The Darkest Minds (The Darkest Minds #1)(87)



“Did I what?”

“Did you ever get inside our heads?” he finished. The way he asked reminded me of the way a kid would ask for the end of a bedtime story. Eager. Surprising—in all of my nightmares about them finding out the truth, I had pictured Chubs taking it the worst.

“Of course she’s in our heads,” Liam said, his arms straining to open the can’s lid. “Ruby is one of us now.”

“That’s not what I meant,” Chubs huffed. “I just want to know how it works. I’ve never met an Orange before. We didn’t have any at Caledonia.”

“That’s probably because the government erased them all,” I said, dropping my hands in my lap. “That’s what happened to them at Thurmond.”

Liam looked up, alarmed. “What do you mean?”

“For the first two or three years I was there, we had every kind of color, even Red and Orange,” I said. “But…no one really knows why or how it happened. Some people thought they were taken away because of all the trouble they caused, but there were rumors they were being moved to a new camp where they could do more testing on them. We just woke up one morning and the Reds, Oranges, and Yellows were gone.” And it was just as terrifying for me to think about now as it was then.

“What about you, though?” Chubs asked. “How did you avoid getting bused?”

“I pretended to be Green from the start,” I said. “I saw how scared the PSFs were of the Oranges, and I messed with the scientist who was running the classifying test.” It was a struggle to push the rest of the words out. “Those kids were…they were so messed up, you know? Maybe they were like that before they got their abilities, or they hated themselves for having them, but they used to do terrible things.”

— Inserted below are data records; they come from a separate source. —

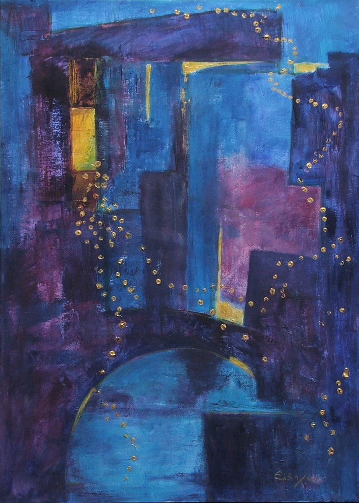 De avond is gevallen over de stad. Er klinkt muziek uit een openstaand raam. Er worden vormen verhuld, sommige juist verlicht. Niet alles is even duidelijk, de nacht is een andere wereld. Acryl, maroufflé.
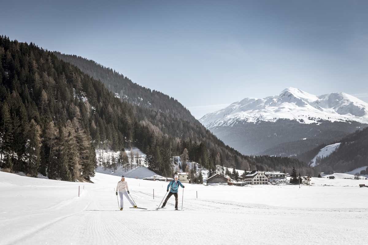 Nauders in Tyrol is located on the border with South Tyrol in the border triangle of Austria, Switzerland and Italy. Together with the Reschen Pass, the village offers a very diverse and boundless cross-country skiing experience with a total of 90 kilometres of groomed trails in Austria and Italy.
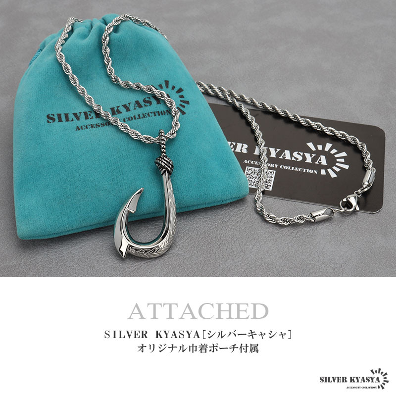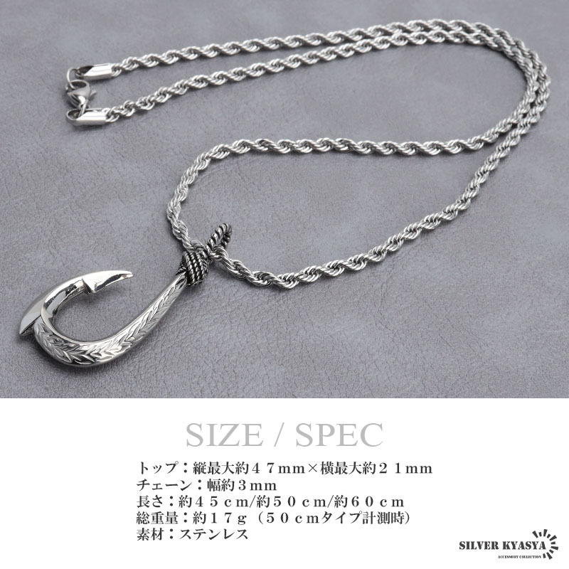 ※こちらの商品は【サイズ:50cm】です。別タイプは別商品ページにてお買い求めください。| 商品概要 | ■ITEM DETAIL フィッシュフック(釣り針)をモチーフとしたネックレス。トップにハワイの自然を感じられるスクロールとマイレをレリーフした逸品。表裏でデザインが違い、気分に合わせて楽しむことができます。 ■ステンレス素材を使用 金属部分は頑丈なことで知られるステンレス素材を採用。耐久性はもちろん耐水性も高く水場での着用も可能。金属アレルギーも出にくいとされている金属です。 |
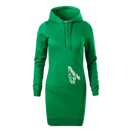 Dámske mikinové šaty MALFINI Snap 419 sú ideálnou voľbou pre ženy, ktoré hľadajú pohodlný a štýlový kúsok na voľný čas alebo každodenné nosenie. Ľahko vypasovaný strih s bočnými švami podčiarkuje ženskú siluetu, zatiaľ čo kapucňa s podšívkou a sťahovacou šnúrkou dodáva ležérny vzhľad. Šaty majú dĺžku nad kolená a sú vybavené našitým vreckom v štýle „klokanky“. Materiál je mäkký a príjemný na dotyk grâce à smesi bavlny a polyesteru s nepočesanou vnútornou stranou.

“Like what?” Chubs pressed.

Oh God, I couldn’t even talk about it. I physically could not speak. Not about the hundreds of mind games I watched them play on the PSFs. Nothing about the memory of having to scrub the floors of the Mess Hall after an Orange told a PSF to walk in and open fire on every other soldier he saw there. My stomach turned violently, and I could taste it, the metallic bitterness of blood. Smell it. I remembered how it felt to scrape it out from where it was packed painfully under my nails.

Chubs opened his mouth, but Liam held up a hand to shut him up.

“I just knew I needed to protect myself.”

And, truthfully, because I was scared of the Oranges, too. There was something wrong with them. With us. It was the constant chatter, the flood of everyone else’s feelings and thoughts, I think. Eventually you learned how to block some of it out, to build up a thin wall between your mind and others’, but not before everyone else’s poisonous thoughts were in there, staining your own. Some spent so long outside of their own heads that they couldn’t function right when they finally had to return their own.

“So now you see,” I said, finally, “what a mistake it was to let me stay.”

Zu was shaking her head, looking distraught at the suggestion. Chubs rubbed at his eyes, hiding his expression. Only Liam was willing to look me straight in the eye. And there was no disgust, or fear, or any of the thousand other ugly emotions he was entitled to; only understanding.

“Try to imagine where we’d be without you, darlin’,” he said, quietly, “and then maybe you’ll see just how lucky we got.”

TWENTY

THAT NIGHT, WE SLEPT IN THE VAN, each sprawled out on a seat. I let Zu have the rear seat, and stayed up front next to Liam. I felt uneasy in the silence, and sleep didn’t come easy, even when I called to it.

Sometime around five in morning, just as I was about to give into the fuzz covering my brain, I felt someone run a light finger down the back of my neck. I rolled over onto my other side, and Liam was there, half-awake.

“You were muttering to yourself,” he whispered. “You okay?”

I propped myself up on an elbow, wiping the sleep away from my eyes. The rain had condensed on the windows, covering the cracked windshield like a filmy overlay of lace. Every time a fat raindrop dislodged itself and went streaking down the glass, it was like a tear in the fabric.

Looking out into the forest was like searching someone’s dreams, disorienting and unsettling, but inside the van, everything was sharp. The lines of the reclining seats, the dashboard knobs—I could even read the tiny printed brand name on the buttons of Liam’s shirt.

In that light, I could see every bruise and cut on his face, some just beginning to heal, and others that had long-since scarred. But what held my attention wasn’t the bruise on his cheek—the same one I had given him a few days and lifetimes before—but the way his hair was standing almost straight up, curling around his ears and against his neck. The storm had turned its color to a darker shade of honey, but it didn’t lose any of its softness. It didn’t make me want to reach out and touch it any less.

“What?” he whispered. “What are you smiling about?”

My fingers brushed against his hair, trying to smooth it down. I realized what I was doing a full minute after Liam had closed his eyes and leaned into my touch. Embarrassment flared up in my chest, but he grabbed my hand before I could pull back and tucked it under his chin.

“Nope,” he whispered, when I tried to tug it away. “Mine now.”